Furthermore, when health is enshrined in law as a right, it is a public acknowledgement that we make as a society about our collectively held values as a nation. A state which holds health as a fundamental right, for instance, will have to think twice before giving a free run to the pharma lobby on drug pricing.
The question is not so much about the legal enforcement of health as a right as about health-as-a-right being an ever-present guiding principle for government policy in every sphere. This would be a principle that all ministries (not just the health ministry) will need to take into account—including the finance ministry, which, incidentally, is reported to have slashed the 2014-15 health budget by 20% even as the health ministry has been busy putting out an official document proposal health as a right.
Also, given that most nations are now moving towards a commitment to some form of universal health coverage, there is, indeed, a strong case to be made for making health a fundamental right.
At the end of the day, in a country where 63 million people slip back into poverty due to catastrophic healthcare costs, it is hard not to see the logic of legally mandating health as a right, and thereby empowering the citizen to hold the state accountable for it.
But all said and done, making health a right is no longer such a big deal. Even the World Health Organization (WHO), which is not exactly a champion of socialist values, has been batting aggressively for universal health care. In fact, the whole NPH 2015 document seems to have been inspired by the WHO’s report on health system financing, which calls for an insurance-centric (pooling together of funds via compulsory prepayment) universal healthcare programme. The US‘ Obamacare is one such model, and one of its many flaws, which has been pointed out by its critics, is that, in the name of improving efficiency, it inflates costs exponentially, thereby increasing fiscal burdens and sovereign debt, while locking in a steady inflow of funds for the insurance industry, i.e., global finance capital.
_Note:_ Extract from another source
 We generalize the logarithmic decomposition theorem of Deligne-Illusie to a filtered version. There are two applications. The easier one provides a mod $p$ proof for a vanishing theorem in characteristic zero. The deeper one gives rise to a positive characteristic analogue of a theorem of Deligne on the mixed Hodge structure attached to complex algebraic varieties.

The United Kingdom’s National Health Service (NHS) is the other model—the single-payer system—where it is not premium-paying individuals but the government which directly bears everyone’s medical cost through funds raised by wealth taxes and progressive income tax. In this system, everybody is covered automatically from birth to death, for every illness, and healthcare costs are much cheaper and more under control on account of bulk purchasing of drugs, centralized budgeting for hospitals, and so on.
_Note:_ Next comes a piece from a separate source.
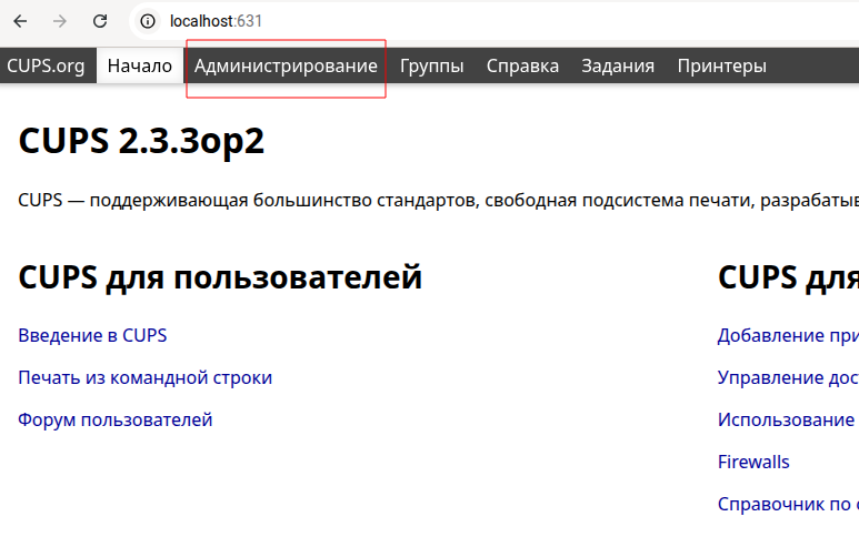 Авторизуйтесь в CUPS и перейдите во вкладку «Администрирование».

If we are serious about health outcomes, and evidence-based decision-making, there is no debate here—the NHS model wins hands down.
The reason for this detour into a discussion of Obamacare and NHS is that the NPH 2015 is essentially setting the stage for the NDA government’s Universal Health Assurance plan, which will be rolled out, with much fanfare, no doubt, later this year.
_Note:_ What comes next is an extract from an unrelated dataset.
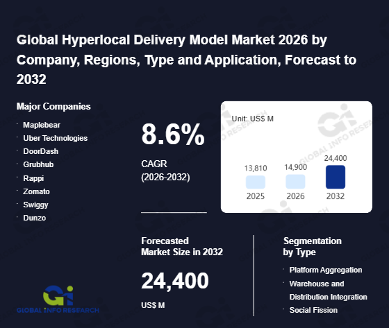 Global Info Research has recently published "Global Hyperlocal Delivery Model Market 2026 by Manufacturers, Regions, Type and Application, Forecast to 2032". This report systematically analyzes the global Hyperlocal Delivery Model market, providing multi-dimensional insights through type (Platform Aggregation、 Warehouse and Distribution Integration、 Social Fission), application (E-commerce、 Instant Retail), regional markets, and major manufacturers (Maplebear、 Uber Technologies、 DoorDash、 Grubhub、 Rappi、 Zomato、 Swiggy、 Dunzo、 Delivery Hero、 Alfred Club、 Ibibogroup、 Laurel & Wolf、 Meituan、 Alibaba Group、 goPuff、 Handy、 Foodpanda Group、 Airtasker、 Takeaway.com、 ANI Technologies、 AskForTask、 Groupon), assessing the market status, trend evolution, and competitive landscape impact from 2021 to 2032.

The point being that, rather than getting carried away by the symbolism of making health a right, the real focus of public concern and debate ought to be the mode of delivery. Here, the worrying indications are that India might be headed the Obamacare way. This means ballooning health care costs and fiscal nightmares—but also much political goodwill in the short-term for the incumbent regime—before people wake up, too late, to the fact that it is more hype than substance.
In other words, it really doesn’t matter whether or not India makes health a fundamental right—that is not the real debate. For reasons that have less to do with a sudden outburst of welfarist concern for the health of the poor and more to do with the unfolding imperatives global finance capital, universal healthcare is coming to India in any case. So yes, as a symbolic gesture, it is great to make health a justiciable right. But as a citizenry, we would be foolish to let the healthcare debate be hijacked by this non-issue, or remain satisfied by a piece of legislation.